FOURTEEN years after the television series which made her and her family familiar to countless viewers, Debra Griffiths remembers it all as if it was yesterday.

The newly-elected Cardigan town mayor says people still constantly remind her of ‘The Coal House’ the Bafta-winning reality TV series that chronicled her family’s struggles to live in 1927.

In 2007, Debra, her husband, Cerdin, and their three children, Steffan, Angharad and Gethin, turned the clock back 80 years.

Stripped of all modern conveniences, they spent a month living at a coal house in Blaenavon, as life would have been on the south Wales coalfields of the 1920s.

Cerdin, a lorry driver, became a miner, Debra, a carer support worker, was a housewife and their Welsh-speaking children were placed in a school where the preferred language was English.

“How the time has gone so fast and all my children have grown up and left home,” Debra told the Tivy-Side this week.

“I was very emotional when we left our little coal house, because we came so close to our neighbours and got used to doing things like they did in those days.

“It really makes you appreciate what we have today.

“And, believe me, when we filmed The Coal House it was a real-life experience - no hidden treats, cars or hotels.

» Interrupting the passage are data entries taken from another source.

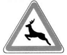
passage d'animaux sauvages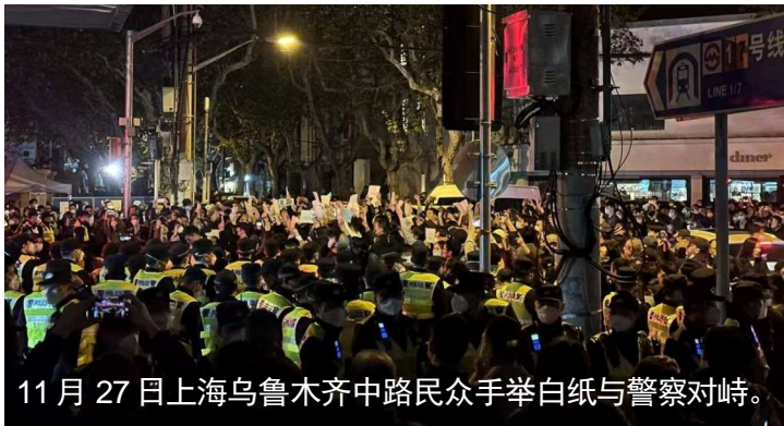
11月27日上海乌鲁木齐中路民众手举白纸与警察对峙。

共产党极端的清零政策造成悲剧连连，11月24日发生在乌鲁木齐的致命火灾，更激怒了在被封锁中苦苦挣扎的中国民众，抗议活动风起云涌，“白纸革命”席卷北京、上海、广州、深圳、武汉、南京等几十个大城市及清华、北大、复旦等几十所高校，愤怒的人们高喊“不要封控要自由”、“共产党下台”等口号。全球华人和英国的牛津、剑桥，美国的哈佛、宾大、哥大、芝加哥大学等顶尖名校的中国留学生，纷纷举行集会声援国内民众。他们带来蜡烛和鲜花，手持白纸、高举标语牌，有的地区选用“推倒那面墙”作为集会的主题曲。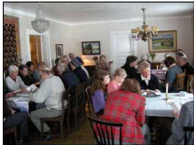
Siionin Kannel -seurat Hauhon Ilmoilassa.

Laula kanssani tapahtumia jatketaan, mm. Kälvillä tammikuun tapahtuma on jo perinteinen.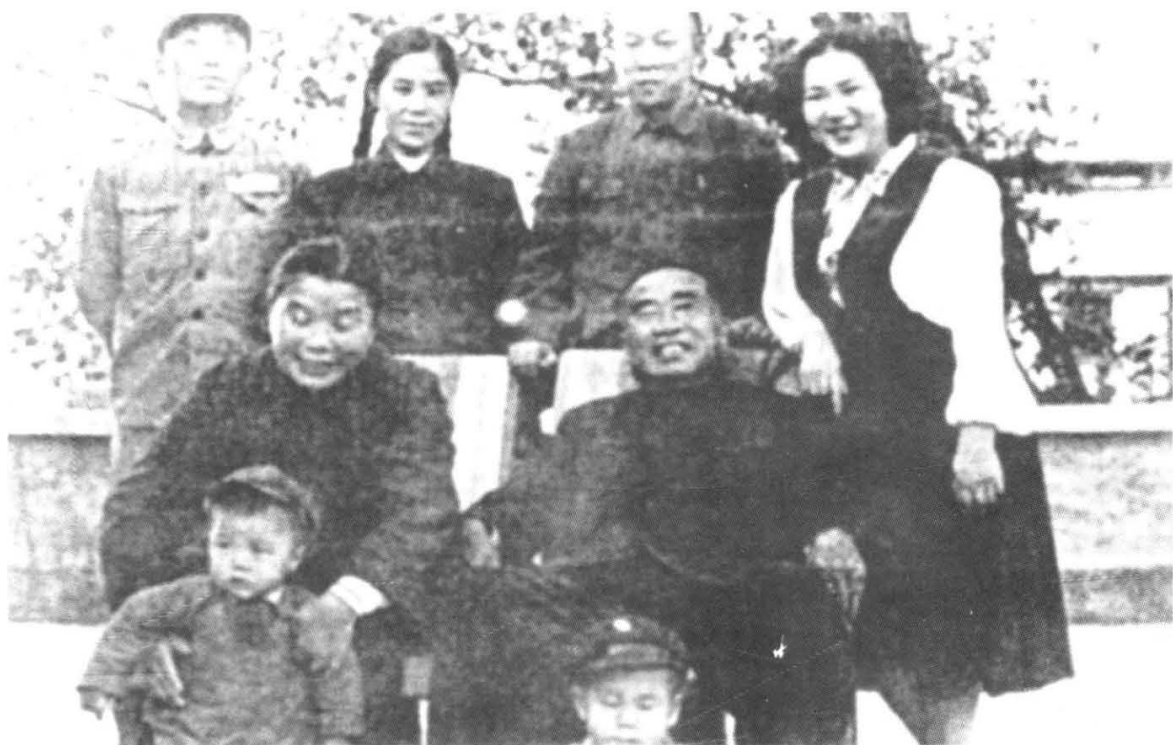
1953年朱德全家在北京。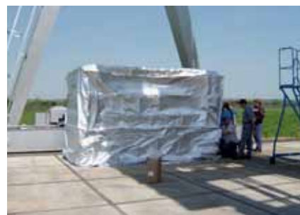
Balení, krok 3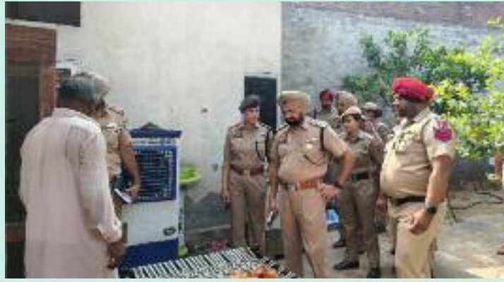
ਖ਼ਤਮ ਕਰਨ ਲਈ ਯੁੱਧ ਨਸ਼ਿਆਂ ਹੈ। ਉਨ੍ਹਾਂ ਕਿਹਾ ਕਿ ਨਸ਼ਿਆਂ ਨੂੰ ਵਿਰੁੱਧ ਮੁਹਿੰਮ ਸ਼ੁਰੂ ਕੀਤੀ ਗਈ ਪੁਲਿਸ ਇੱਕਲਿਆਂ ਖ਼ਤਮ ਨਹੀਂ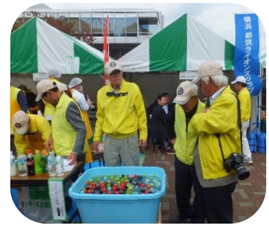
初登場 ペットボトル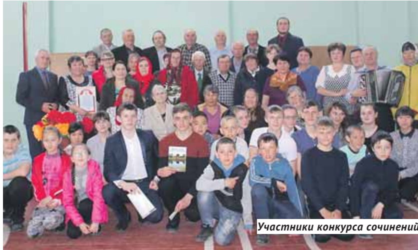
Участники конкурса сочинений.

Школа в селе Ирбизино Карасукского района — такая же многонациональная, как и само село.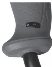
Figura 6: Seleção de velocidades.

4. Selecione a velocidade desejada pelo seletor velocidade (5):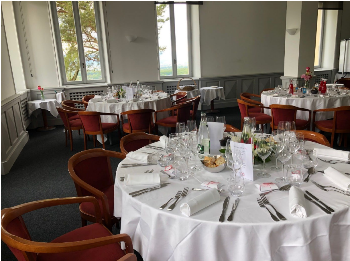
Photo d'un salon de réception préparé pour un événement privé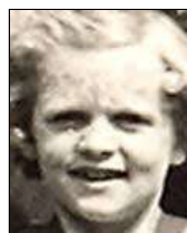
Række V nr. 3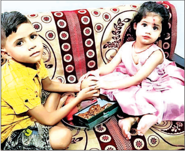
भैया दूज पर भाई को नारियल देती बहन।

एक पौराणिक कथा के अनुसार, भगवान कृष्ण नरकासुर नामक दुष्ट राक्षस का वध करने के बाद अपनी बहन सुभद्रा से मिलने गए थे। उनकी बहन ने उनका मिठाई और फूलों से गर्मजोशी से स्वागत किया। फिर उन्होंने कृष्ण के माथे पर तिलक लगाया। ऐसा माना जाता है कि यहीं से “भाई दूज” के त्योहार की शुरुआत हुई।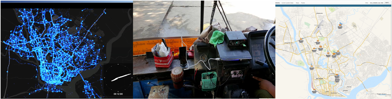
図1左：MPT社提供のCDRデータからヤンゴン市内の人の流動状況を再現したもの。図1中央：バスに設置したスマートフォン。図1右：予備実験で走行したバスデータの状況

“It was as you saw it - hard work and scrimping for the last piece of crust sometimes, but you came to appreciate the little things in life.

“Family was important and how the children had to adapt to not only life in 1927, but the schooling! A huge shock to the system.

“We were there for a month – from mid-October to mid-November. And it was freezing!

“But I'm so proud of my family for going back to live the life of 1927. We've even written two books about our experiences - it was an amazing part of our lives.

“I miss the coal house. Life now is too busy for people to actually have the time even to have a conversation or just to relax.”